CMS expected to overturn favorable PRRB decision on therapist compensation. If you've filed an appeal of therapist compensation adjustments, you should prepare for a court battle or perhaps not bother. Why Keep Up the Fight? If the PRRB and the federal court system so uniformly reject application of contractor therapist guidelines to employed therapists' compensation, why does the government keep up the fight? Cahaba "would have to lose in every court or until [CMS] told them to stop before they would quit making the adjustment," Boyd predicts.
That's because the Centers for Medicare & Medicaid Services administrator has reversed decisions favorable to home health agencies in 12 of 14 cases dealing with employee therapists' compensation being limited to salary guidelines for contractor therapists, according to attorney Joel Hamme with Powers Pyles Sutter & Verville in Washington, DC.
Since 1988, the Provider Reimbursement Review Board has ruled in favor of HHAs in all 14 cases, Hamme tells Eli.
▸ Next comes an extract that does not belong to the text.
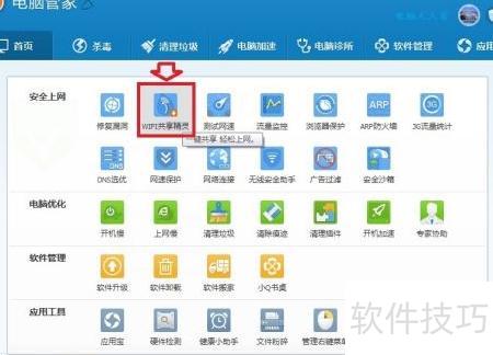 4、 当鼠标移至图标上方时,若右下角出现红色向下箭头,表示该功能尚未启用,需下载。点击左键即可将WIFI共享精灵等功能下载并安装至工具箱。这种方式让用户按需获取功能模块,避免软件过于庞大,有效减少程序体积,降低对系统资源的占用,提升运行效率与使用灵活性。

The PRRB repeatedly rejects CMS' and the intermediaries' arguments that paying employed therapists on a per-visit basis makes them subject to the salary limits for outside, contracted therapists.
But in all but the first two cases, the CMS Administrator has overturned the favorable PRRB decisions. At reversal, many providers decide to drop the appeal because they don't have the resources for a court battle or because the reimbursement amount at issue is too small to make litigation feasible.
Sure thing: However, agencies that pursue appeals in federal court come out the winner every single time, says Hamme, who currently is handling three separate cases regarding this issue. One appeals court and three federal district courts have ruled in providers' favor on this issue, and CMS settled in one case, Hamme relates. "No court has ruled in favor of the secretary," he stresses.
VNA Healthcare Inc. in Centralia, IL, soon is likely to have to make the decision of whether to pursue a federal court appeal. The PRRB decided in favor of the VNA's appeal in a May 13 decision (2005-D37).
Regional home health intermediary Cahaba GBA disallowed more than $80,000 in therapist compensation in the VNA's cost report year ending in April 1998 by applying the contractor guidelines to employed therapists' compensation, according to the decision.
"The decision will be overturned," predicts cost report consultant Tom Boyd with Rohnert Park, CA-based Boyd & Nicholas. "And I assume that the VNA is going on to the courts or why bother with the appeal?" The $80,000 at issue is likely a strong enough incentive to proceed with a further appeal, Hamme agrees.
CMS is keeping its options open by requiring the intermediaries to continue litigating cases on this topic, Hamme suspects. "One benefit of such an approach for the agency is that cases with relatively low dollar amounts do not get appealed by providers to court when the administrator reverses them," he points out. "There have been a fair number of such cases."
But CMS and the RHHIs recognize that they are fighting an uphill battle on these disallowances, and they have thrown in some extra ammunition in this latest case. In addition to the usual argument, Cahaba maintains that the VNA's therapist compensation was unreasonable and substantially out of line under the prudent buyer concept because it exceeded the outside contractor salary limits.
That argument "would raise the question of the exception request to the guidelines," Boyd notes. "I think none of the parties want to go there."
"They are now essentially arguing that the guidelines are also a proxy for reasonable cost and prudent buyer requirements, which have different statutory underpinnings than the guidelines," Hamme says.
"The PRRB ... has refused to buy this argument, saying in essence that the guidelines are not a reasonable cost analysis."
Cahaba also points out that the VNA's therapist compensation exceeded levels reported in the 1998 Hospital & Healthcare Compensation Service salary survey. HCS conducts salary surveys in conjunction with the National Association for Home Care & Hospice.
"The Board finds this analysis troubling," the PRRB says in its decision. Among other problems, the HCS survey Cahaba used to support its prudent buyer analysis is "seriously flawed" because it lacks detail, includes responses from only 30 therapists, contains data that didn't come from Medicare cost reports or other auditable documents, and contains data that isn't verifiable, the PRRB blasts.
The rejection of HCS surveys might have repercussions for owner and administrator compensation as well, experts note.
VNA Healthcare was purchased in 1999 and has become part of Alton, IL-based VNA-TIP. But VNA-TIP is unaffected by the decision because the case addresses a time period before the purchase, VNA-TIP CEO and president Gary Liebscher tells Eli.